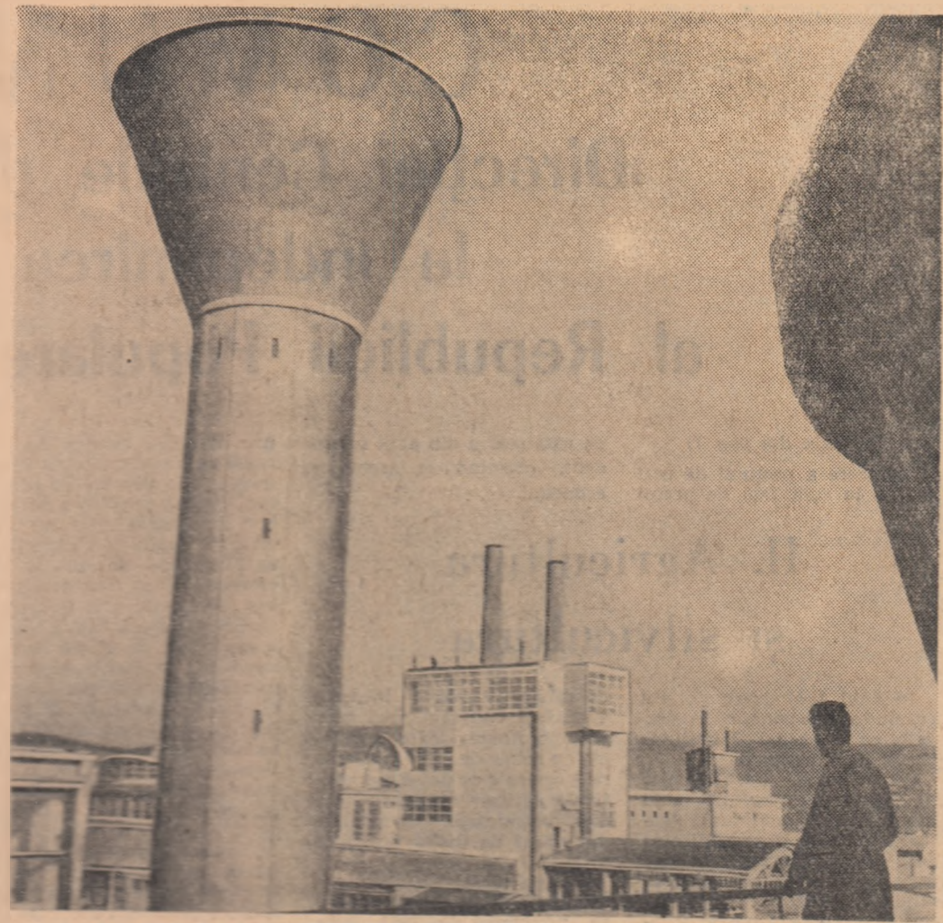
La Fabrica de geamuri Scăeni, prin intrarea în funcțiune a unor instalații și agregate noi, producția va fi în acest an cu 17 la sută mai mare decât în 1964. În fotografie: vedere parțială a fabricii

Citiți IN PAG A III-a ● Tinerii candidați ai F.D.P. ● Examenul confirmă munca din semestrul (Anul I la prima sesiune) ● „O poveste neînventată” (Cronica III-mul)
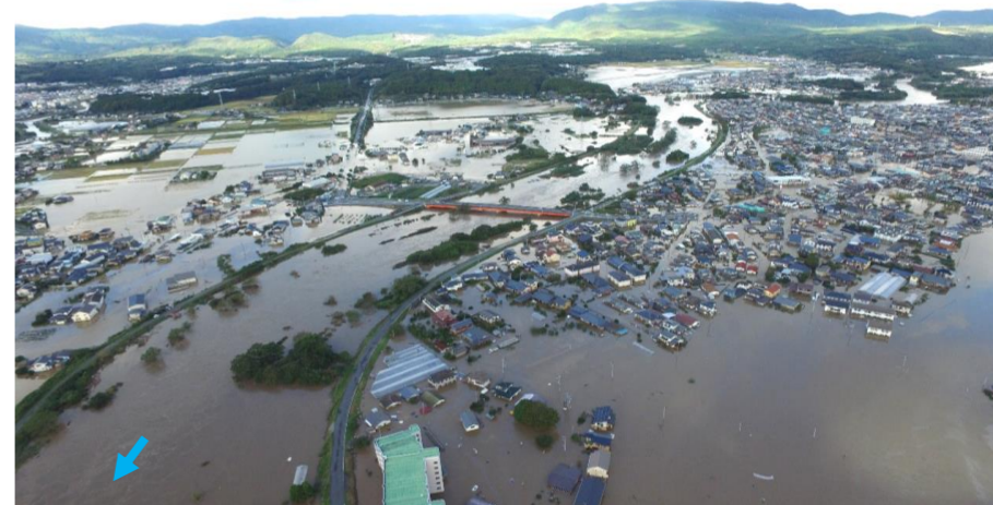
令和元年10月13日の夏井川の様子

○二級河川夏井川水系夏井川は、小野町を上流端としていわき市を流下し、太平洋に注ぎます。県管理区間河川延長が67.1km、流域面積748.6km 2 と福島県で管理している二級河川で一番大きな河川です。
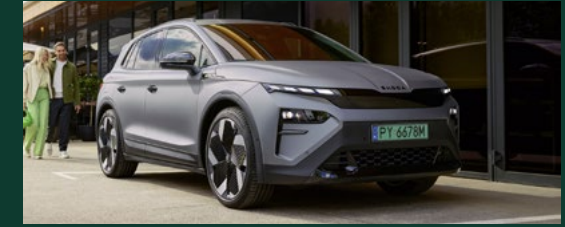
Oświetlenie LED Matrix zwiększające bezpieczeństwo na drodze
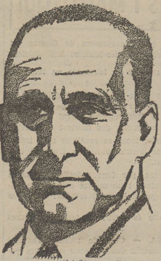
FRANCESC LARGO CABALLERO

—Ara, a la Unió General de Treballadors—ha contestat el senyor Largo Caballero.
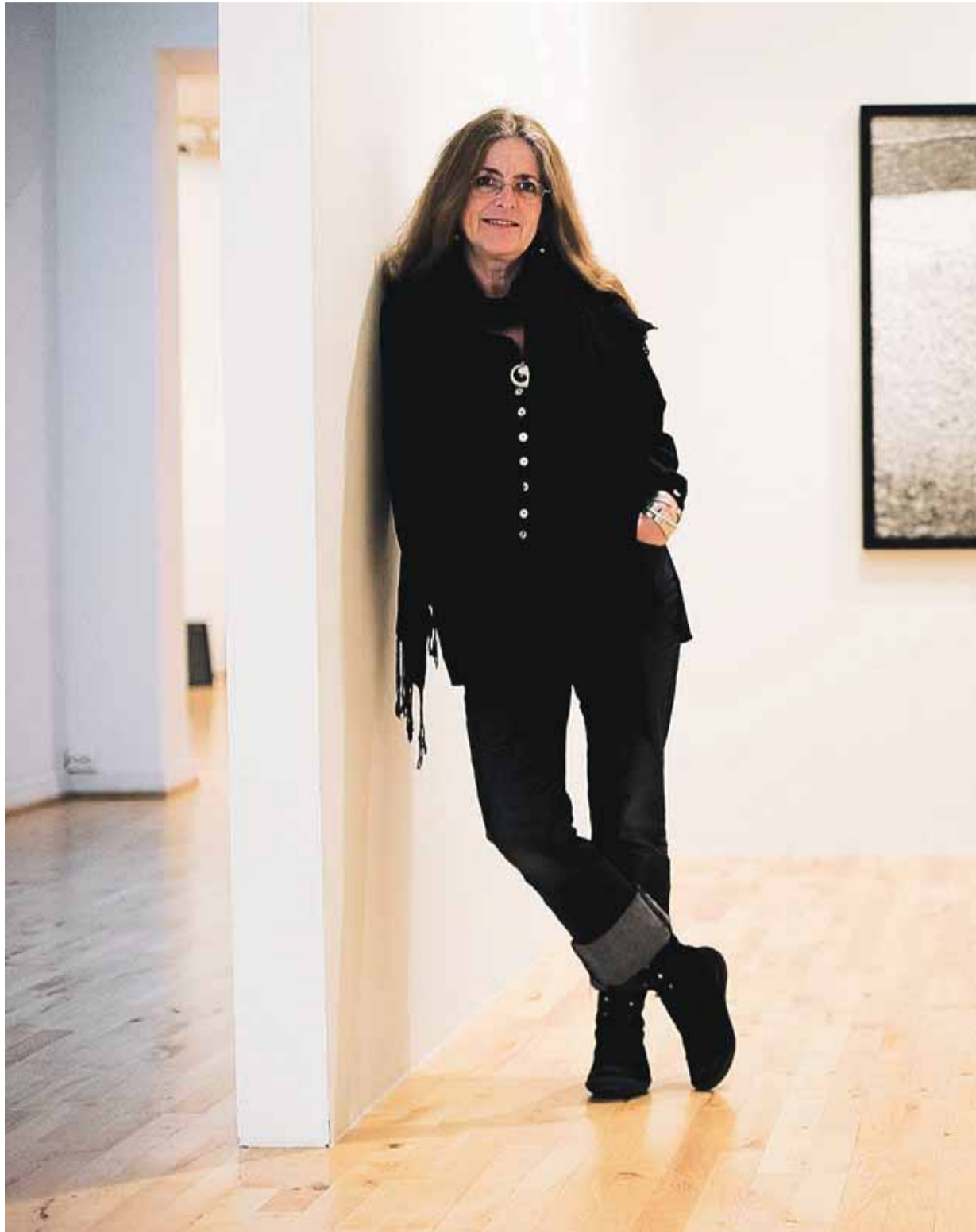
LUFTIG: – Haugar er et utfordrende lokale. Jeg har latt det være mye luft mellom bildene, sier fotograf Herdis Maria Siegert.

Siegert er først og fremst kjent for sine meditative landskapsbilder
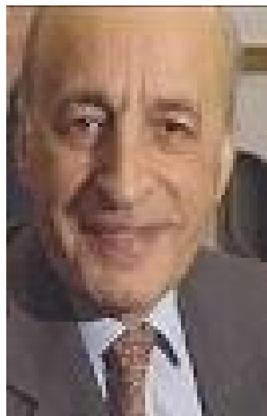
سر داوود آلیانس
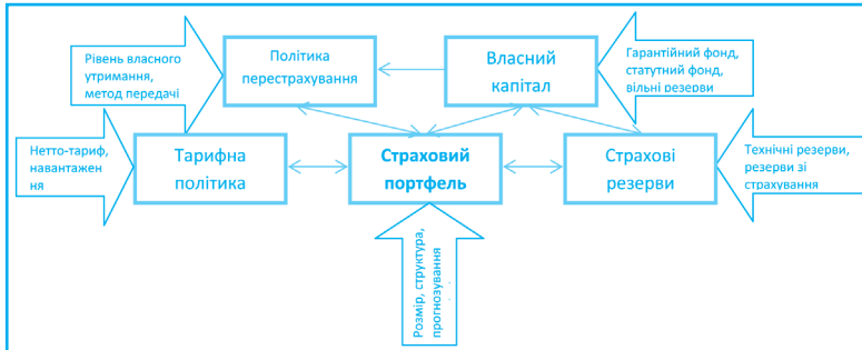
Рис. 2. Взаємозв'язок основних проблемних сфер страхової діяльності

Проаналізувавши бізнес-процеси, фінансові та інформаційні потоки, особливості функціонування й управління СК [4; 5; 6; 7], були виявлені основні важелі (параметри) впливу на фінансову стабільність страховика і проблемні сфери, у межах яких здійснюється цей вплив. Важливим тут є не просто їх визначення, а розуміння системи взаємозв'язків між ними. В узагальненому вигляді зв'язок між проблемними сферами управління СК наведено на рис. 2 (прямокутник відповідає проблемній сфері, а стрілка – параметру впливу на фінансовий стан СК).
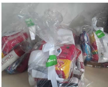
Kit feminino Dia da Mulher
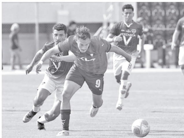
Jugadores de Wilster y Exótico disputan el balón, ayer. CL

Además del fútbol, en el entretiempo, los hinchas gozaron de una actividad distinta, pues también hubo paracaidismo, además de regalos para los asistentes, que dejaron conformes a los seguidores del rojo, en cuyo plantel se pudo observar a jugadores ex-
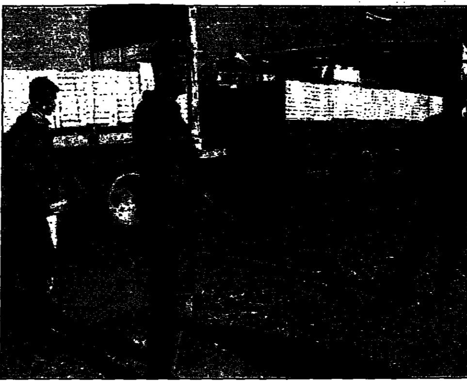
شباطان فلسطينيان يرافقان شاحنتين للمستوطنين منعتا من الوصول إلى مستوطنة تسلايم

القدس - غزة - أريحا - واشنطن - قال وزير الخارجية الإسرائيلي إسحاق رابين في بيان له اليوم إن إسرائيل ستتمسك بمواقفها بشأن المعتقلين الفلسطينيين الذين احتجزتهم في الضفة الغربية المحتلة، وذلك في ظل استمرار المفاوضات مع منظمة التحرير الفلسطينية. وقال رابين في بيان له اليوم إن إسرائيل ستتمسك بمواقفها بشأن المعتقلين الفلسطينيين الذين احتجزتهم في الضفة الغربية المحتلة، وذلك في ظل استمرار المفاوضات مع منظمة التحرير الفلسطينية. وقال رابين في بيان له اليوم إن إسرائيل ستتمسك بمواقفها بشأن المعتقلين الفلسطينيين الذين احتجزتهم في الضفة الغربية المحتلة، وذلك في ظل استمرار المفاوضات مع منظمة التحرير الفلسطينية.
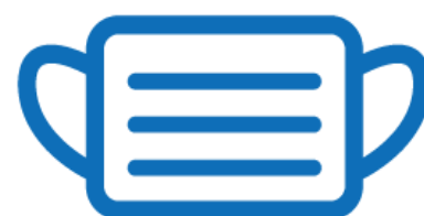
車内や混み合った場所 でのマスク着用

※ ツアー当日の朝に、発熱、咳、くしゃみ、全身痛、下痢などの症状がある場合は、決して無理をされず、ツアーの取消しをお願いいたします。
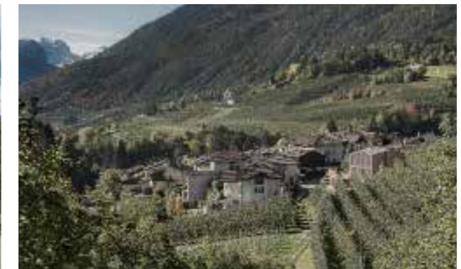
Das Haus steht zwischen Apfelplantagen. | The house is surrounded by apple plantations.

4 Gemeinschaftszentrum | Community Centre, 2015 3. Preis | 3 rd prize, € 10 000 Caltron, I-Cles Bauherrschaft | Principals: Comune di Cles Architektur | Architecture: Mirko Franzoso, I-Cles Baukosten | Building costs: € 0.75 Mio. Energiekennzahl | Energy key: 14.8 kWh/m 2 a
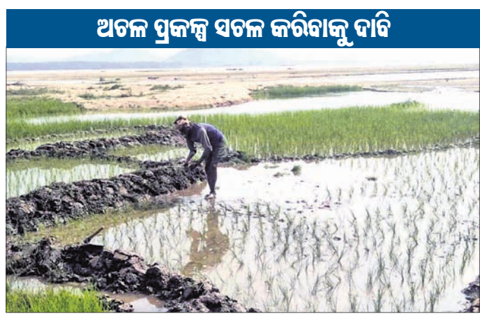
ମହାନଦୀ ପଠାରେ ଜଣେ ଚାଷୀ ଧାନଚଳି ପୋଡୁଛନ୍ତି ।

ଗଣିଆ ବ୍ଲକ୍ ଦେଇ ମହାନଦୀ, ବୃତ୍ତ ନଦୀ ପ୍ରବାହିତ ହେଉଥିବାବେଳେ ଖଳଖଳା ନାଳ ଭଳି ଜଳଭଣ୍ଡ ରହିଛି । ଏହା ସତ୍ତ୍ୱେ ଚାଷକର୍ମୀଙ୍କୁ ଜଳସେଚନ ବ୍ୟବସ୍ଥା ହୋଇପାରି ନାହିଁ । ମହାନଦୀ ଅବବାହିକାରେ ଛାମୁଣିଆ ପଞ୍ଚାୟତର ବଟପୁରଠାରୁ କିଶୋରପ୍ରସାଦ ପଞ୍ଚାୟତର ପଡ଼ୁରିଆ ଗ୍ରାମ ମଧ୍ୟରେ ୨୦୦୦ ଟଳେ କୋଟି କୋଟି ଟଙ୍କା ବ୍ୟୟରେ ୪ଟି ଉଠାଇକସେଚନ ପ୍ରକଳ୍ପ ନିର୍ମାଣ କରାଯାଇଥିଲା । ହେଲେ ଆରମ୍ଭରୁ ଏହି ପ୍ରକଳ୍ପଗୁଡ଼ିକ ଅଟକ ହୋଇ ପଡ଼ିରହିଛି
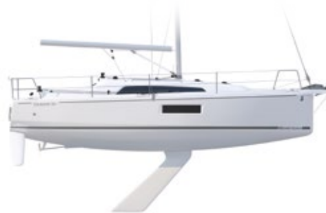
PROFILE Lifting keel version - Quille relevable
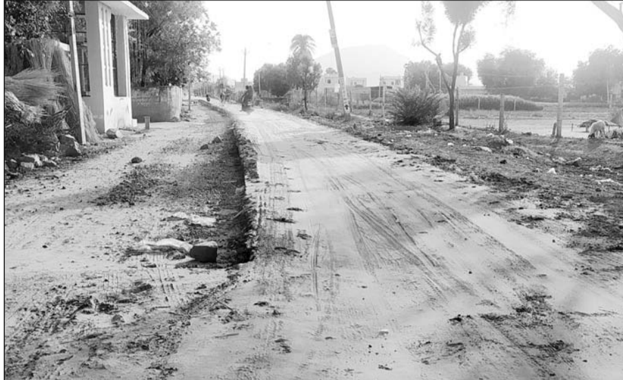
संवेदक द्वारा अधूरे सड़क मार्ग कार्य को छोड़ देने से लोग परेशान हो रहे हैं।

पावटा से कुनेड मार्ग तक दो किमी सड़क मार्ग पर सड़क निर्माण की अवधि के चार से पांच माह बाद निर्माण कार्य शुरू हुआ था, लेकिन सड़क निर्माण की अवधि समाप्त होने के पांच माह बाद भी अभी तक पूरा होने का नाम नहीं ले रहा है। विभागीय अधिकारियों द्वारा ध्यान नहीं दिया जाने की वजह से निर्माण अटकता ही जा रहा है। संवेदक द्वारा अधूरे सड़क मार्ग को छोड़ देने से लोग खराब सड़क को झेल रहे हैं। इस मार्ग से जो भी गुजरता वह
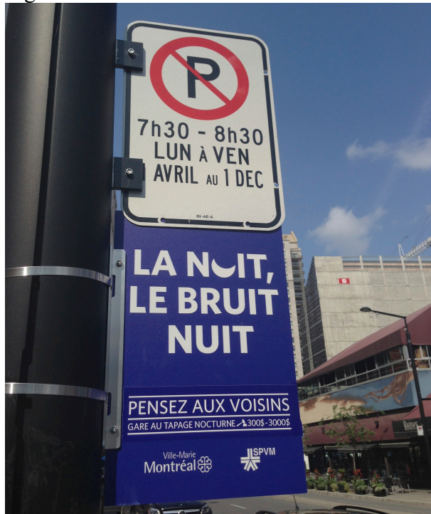
Figure 4. Gestion des conflits nocturnes à Montréal (Canada)
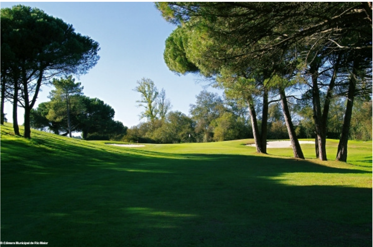
Campo de golfe

E, à medida que o preço começa a subir, haverá enormes diferenças entre aqueles que têm acesso, porque podem comprar água engarrafada, podem tratar a água, colocala em piscinas e irrigar campos de golfe, e aqueles que não têm acesso.
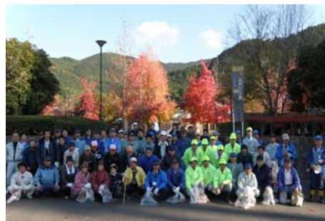
(佐田川の清掃に参加されたみなさん)
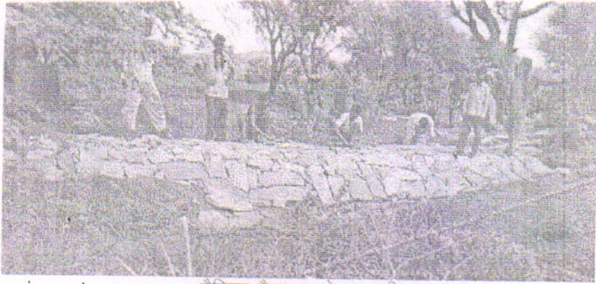
सहभागी करते तैयार गैबियन
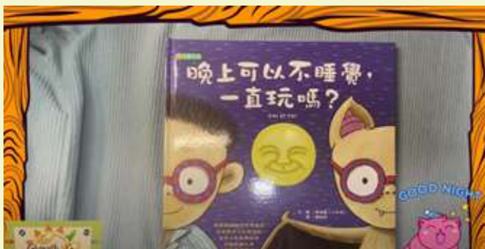
【成長園】晚上可以不睡覺，一直玩嗎？
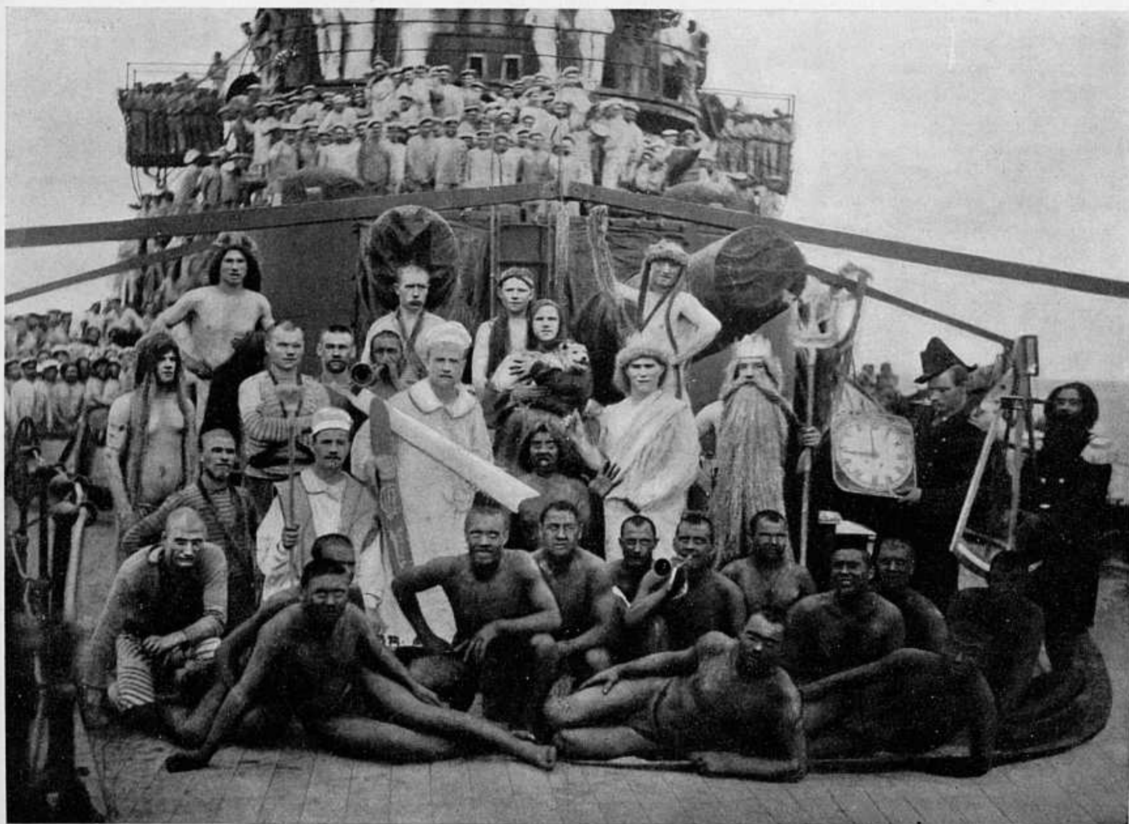
2-я ТИХООКЕАНСКАЯ ЭСКАДРА. ПРАЗДНОВАНИЕ ПЕРЕХОДА ЧЕРЕЗЪ ЭКВАТОРЪ.

(СМ. СТАТЬЮ «ИЗЪ ПИСЕМЪ ОФИЦЕРА СЪ БРОНЕНОСЦА «КНЯЗЬ СУВОРОВЪ» КЪ МАТЕРИ»—«ЛѢТОПИСЬ», № 46, СТР. 884).

* What is required
Only the lines starting at the one with "Рис. 2. Взаємозв'язок" and ending at the one with "ମହାନଦୀ ପଠାରେ ଜଣେ ଚାଷୀ ଧାନଚଳି ପୋଡୁଛନ୍ତି ।" should be printed, each exactly as it appears in the material above; the pictures are to be omitted.

* Written solution
Рис. 2. Взаємозв'язок основних проблемних сфер страхової діяльності

Проаналізувавши бізнес-процеси, фінансові та інформаційні потоки, особливості функціонування й управління СК [4; 5; 6; 7], були виявлені основні важелі (параметри) впливу на фінансову стабільність страховика і проблемні сфери, у межах яких здійснюється цей вплив. Важливим тут є не просто їх визначення, а розуміння системи взаємозв'язків між ними. В узагальненому вигляді зв'язок між проблемними сферами управління СК наведено на рис. 2 (прямокутник відповідає проблемній сфері, а стрілка – параметру впливу на фінансовий стан СК).
Kit feminino Dia da Mulher
Jugadores de Wilster y Exótico disputan el balón, ayer. CL

Además del fútbol, en el entretiempo, los hinchas gozaron de una actividad distinta, pues también hubo paracaidismo, además de regalos para los asistentes, que dejaron conformes a los seguidores del rojo, en cuyo plantel se pudo observar a jugadores ex-
شباطان فلسطينيان يرافقان شاحنتين للمستوطنين منعتا من الوصول إلى مستوطنة تسلايم

القدس - غزة - أريحا - واشنطن - قال وزير الخارجية الإسرائيلي إسحاق رابين في بيان له اليوم إن إسرائيل ستتمسك بمواقفها بشأن المعتقلين الفلسطينيين الذين احتجزتهم في الضفة الغربية المحتلة، وذلك في ظل استمرار المفاوضات مع منظمة التحرير الفلسطينية. وقال رابين في بيان له اليوم إن إسرائيل ستتمسك بمواقفها بشأن المعتقلين الفلسطينيين الذين احتجزتهم في الضفة الغربية المحتلة، وذلك في ظل استمرار المفاوضات مع منظمة التحرير الفلسطينية. وقال رابين في بيان له اليوم إن إسرائيل ستتمسك بمواقفها بشأن المعتقلين الفلسطينيين الذين احتجزتهم في الضفة الغربية المحتلة، وذلك في ظل استمرار المفاوضات مع منظمة التحرير الفلسطينية.
車内や混み合った場所 でのマスク着用

※ ツアー当日の朝に、発熱、咳、くしゃみ、全身痛、下痢などの症状がある場合は、決して無理をされず、ツアーの取消しをお願いいたします。
Das Haus steht zwischen Apfelplantagen. | The house is surrounded by apple plantations.

4 Gemeinschaftszentrum | Community Centre, 2015 3. Preis | 3 rd prize, € 10 000 Caltron, I-Cles Bauherrschaft | Principals: Comune di Cles Architektur | Architecture: Mirko Franzoso, I-Cles Baukosten | Building costs: € 0.75 Mio. Energiekennzahl | Energy key: 14.8 kWh/m 2 a
ମହାନଦୀ ପଠାରେ ଜଣେ ଚାଷୀ ଧାନଚଳି ପୋଡୁଛନ୍ତି ।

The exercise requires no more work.